His signature turned the Tax Cuts and Jobs Act into law on Dec. 22, ending a feverish round of legislative horse-trading as lawmakers shuffled provisions in and out of the bill. The end result is a permanent cut in the corporate tax rate and a grab bag of measures, many temporary, affecting everyone else.

Now, the race is on to understand those measures and how they apply to business owners and individual taxpayers alike. What they learn will affect all kinds of decisions between now and the end of the year and beyond, from buying machinery to ushering in the next generation of business owners.

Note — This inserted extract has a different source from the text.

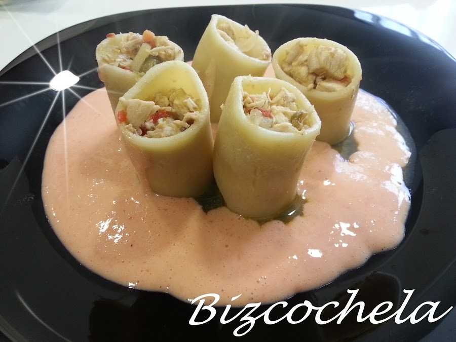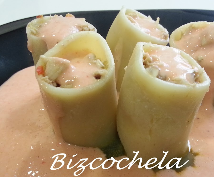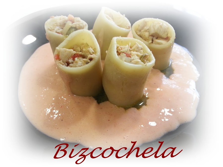 Bueno, hoy os voy a presentar un tipo de pasta. No la conocía, hasta que el otro día en el super vi el paquete de estos macarrones gigantes, o canelones cortos, depende como se miren.......llamados Paccheri. Así que los compré, a ver qué se me ocurría hacer con ellos.
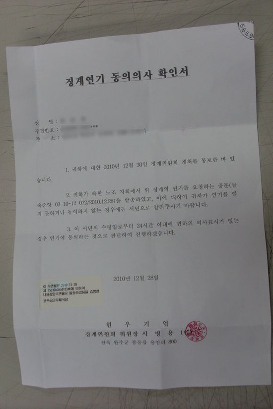 ▲ 징계위원회 출석요구서와 징계위원회 연기통보서 [출처: 참소리] |

The Central Penn Business Journal recently convened a panel of experts in taxation, accounting and finance to help make sense of it all. The conversation was moderated by CPBJ editor Joel Berg. The version below has been edited for length and clarity.

CPBJ: What just happened?

Salvatore Bauccio: The Tax Cuts and Jobs Act passed into law on Dec. 22. It will not impact, for the most part, the tax return you’re filing in the next two or three months. It went into effect Jan. 1 with the 2018 tax year.

Vance Antonacci: The main thing for most individuals and business owners is what they do now to plan throughout the year so that when they file that tax return in 2019, they get the best results. The challenge is there’s a lot of unknowns. The legislation, like most tax legislation, has some opaqueness.

Katie Clarke: The goal was to make the U.S. competitive, to simplify the tax code, to spur business, to hopefully enhance the U.S. economy. While simplification probably hasn’t happened, the corporate tax cut is pretty significant.

Donna Mullin: It isn’t simplification from a business owner’s perspective because a lot of the small-business provisions are a little bit difficult, and a lot of details will have to be added after the fact. But for individuals we’re going to see that only one in 20 people who used to itemize will be itemizing next year. That will make their lives simpler. I think that individuals will probably realize that they are generally getting at least some kind of a tax benefit out of this law when the dust settles.

Vance Antonacci is an attorney in the Manheim Township office of law firm McNees Wallace & Nurick. He chairs the firm’s estate planning practice group and concentrates on estate planning, business succession planning, and estate and trust administration.
Vance Antonacci is an attorney in the Manheim Township office of law firm McNees Wallace & Nurick. He chairs the firm’s estate planning practice group and concentrates on estate planning, business succession planning, and estate and trust administration. - ()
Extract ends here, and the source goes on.